• **Problem to solve**
Leave out the pictures, and retype the remaining data exactly.

• **Information provided**
----

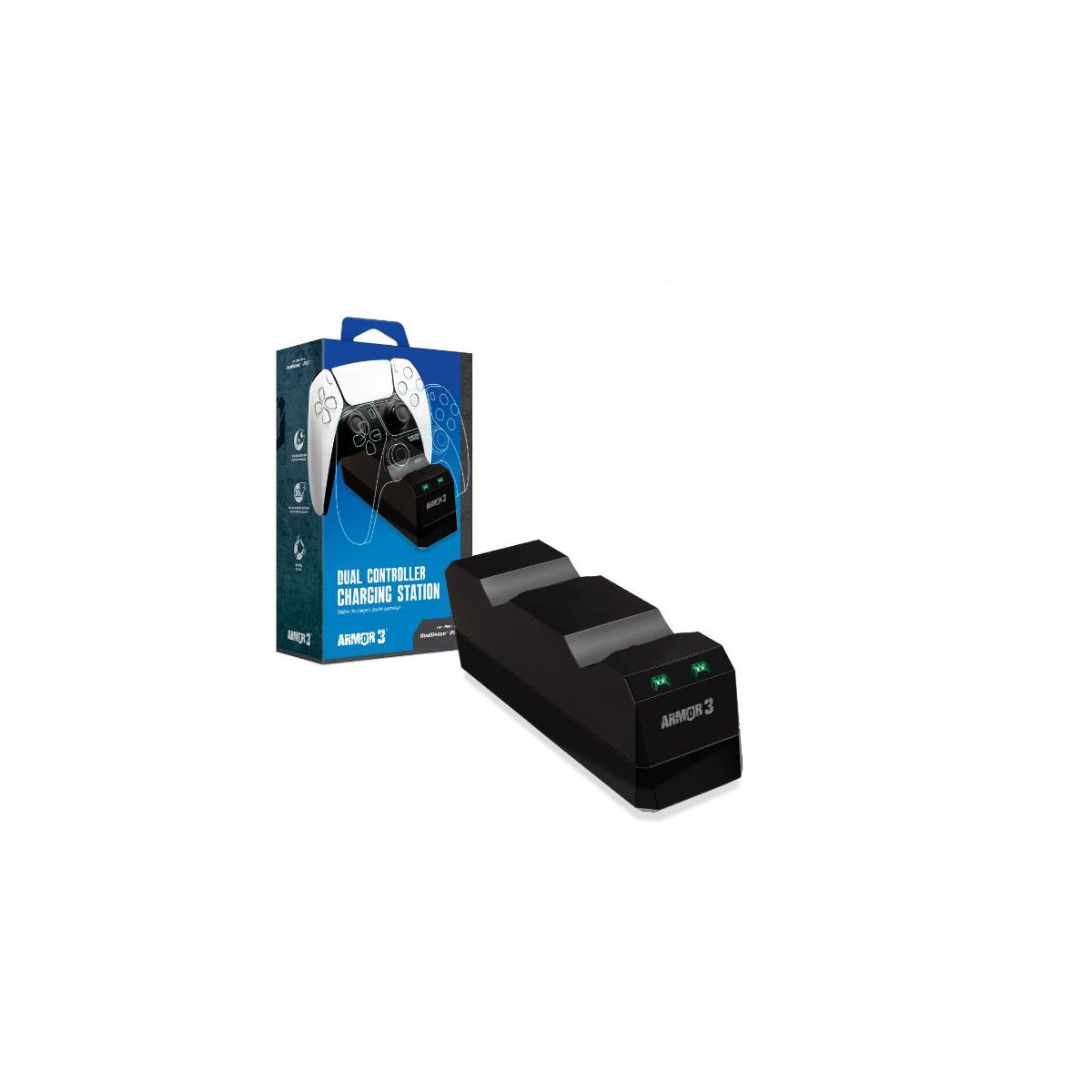 Charging dock for two (2) DualSense™ controllers (PS5™). Keep your gaming sessions uninterrupted with our Dual Controller Charger. This sleek and compact charging dock is designed to charge two controllers simultaneously, ensuring that you’re always ready for action. The charger features LED indicators that show the charging status of each controller, so you know when they’re ready to go. With its quick-charge technology, you can fully charge your controllers in just a few hours. The secure docking system holds your controllers in place, preventing accidental disconnections. Compatible with a range of controller models, this dual charger is the perfect accessory to keep your gaming gear organized and powered up. Whether you're a casual gamer or a pro, this charger is an essential addition to your setup. • LED charging indicators • 3 Ft. Type-C power cable • Charging dock for two (2) DualSense™ controllers (PS5™)
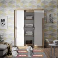 Изготовленный из качественного ЛДСП материала, этот напольный шкаф обладает прочностью и долговечностью. Система организации позволяет легко структурировать место внутри: полочки для белья, просторное отделение с вешалкой в виде штанги для верхней одежды и полки для обуви обеспечивают удобный доступ к вашим вещам.
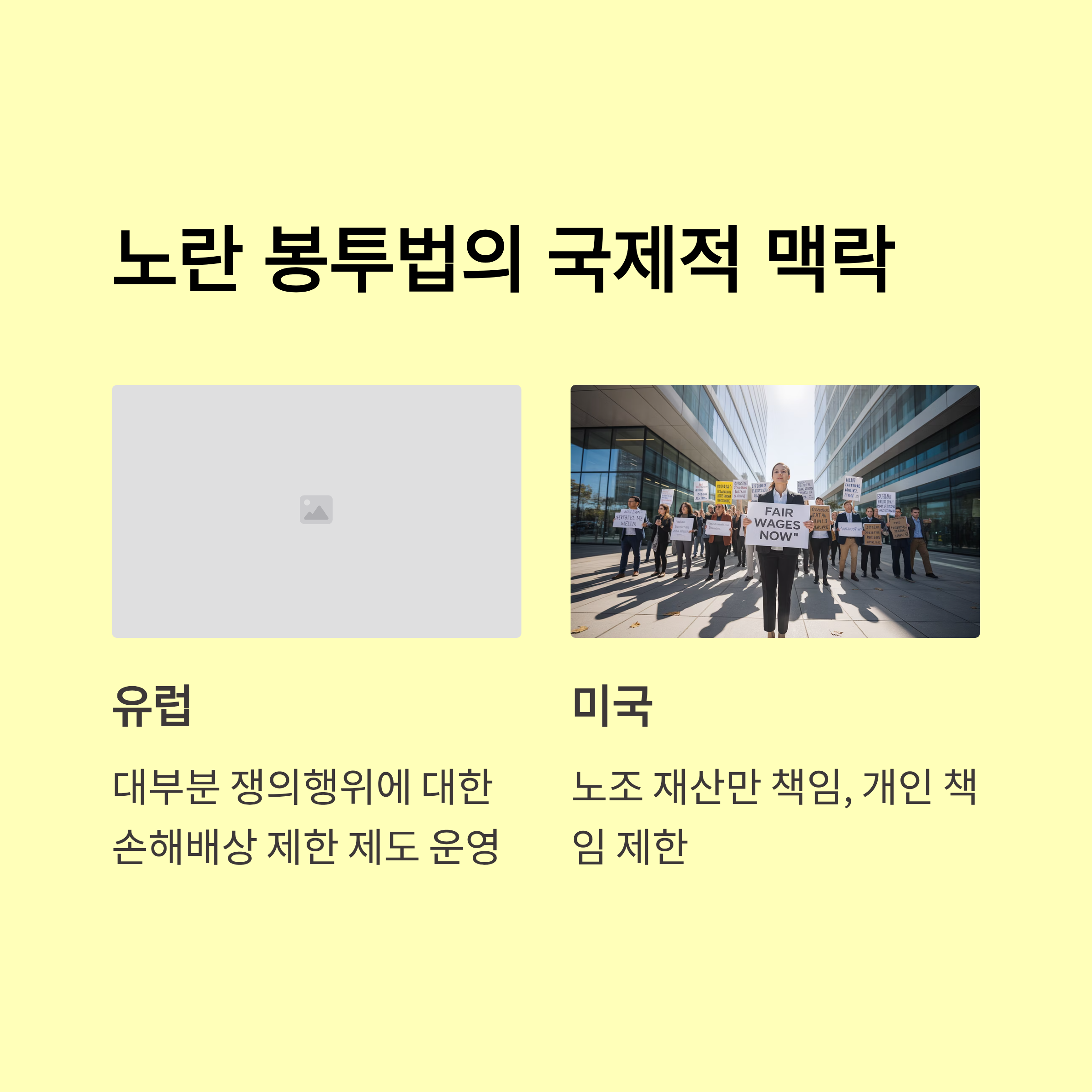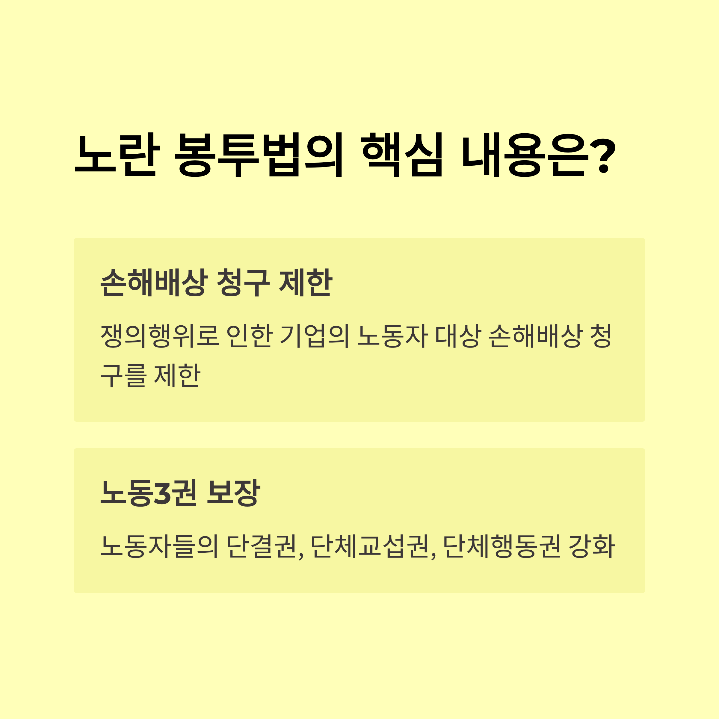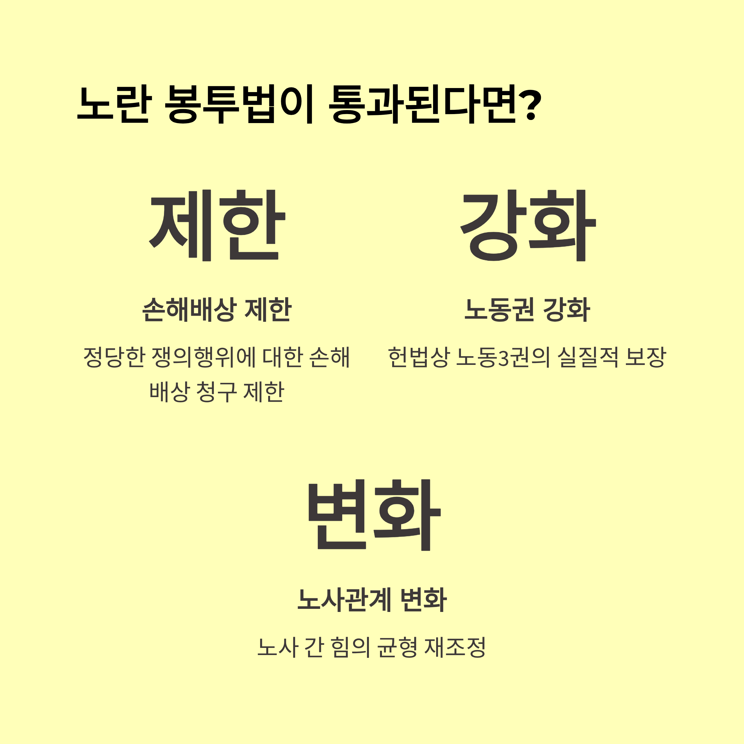 - 노동자 입장: 합법적 파업·쟁의 보호 강화, 과도 손배 금지 필수

----

• **Expected answer**
 Charging dock for two (2) DualSense™ controllers (PS5™). Keep your gaming sessions uninterrupted with our Dual Controller Charger. This sleek and compact charging dock is designed to charge two controllers simultaneously, ensuring that you’re always ready for action. The charger features LED indicators that show the charging status of each controller, so you know when they’re ready to go. With its quick-charge technology, you can fully charge your controllers in just a few hours. The secure docking system holds your controllers in place, preventing accidental disconnections. Compatible with a range of controller models, this dual charger is the perfect accessory to keep your gaming gear organized and powered up. Whether you're a casual gamer or a pro, this charger is an essential addition to your setup. • LED charging indicators • 3 Ft. Type-C power cable • Charging dock for two (2) DualSense™ controllers (PS5™)
 Изготовленный из качественного ЛДСП материала, этот напольный шкаф обладает прочностью и долговечностью. Система организации позволяет легко структурировать место внутри: полочки для белья, просторное отделение с вешалкой в виде штанги для верхней одежды и полки для обуви обеспечивают удобный доступ к вашим вещам.
 - 노동자 입장: 합법적 파업·쟁의 보호 강화, 과도 손배 금지 필수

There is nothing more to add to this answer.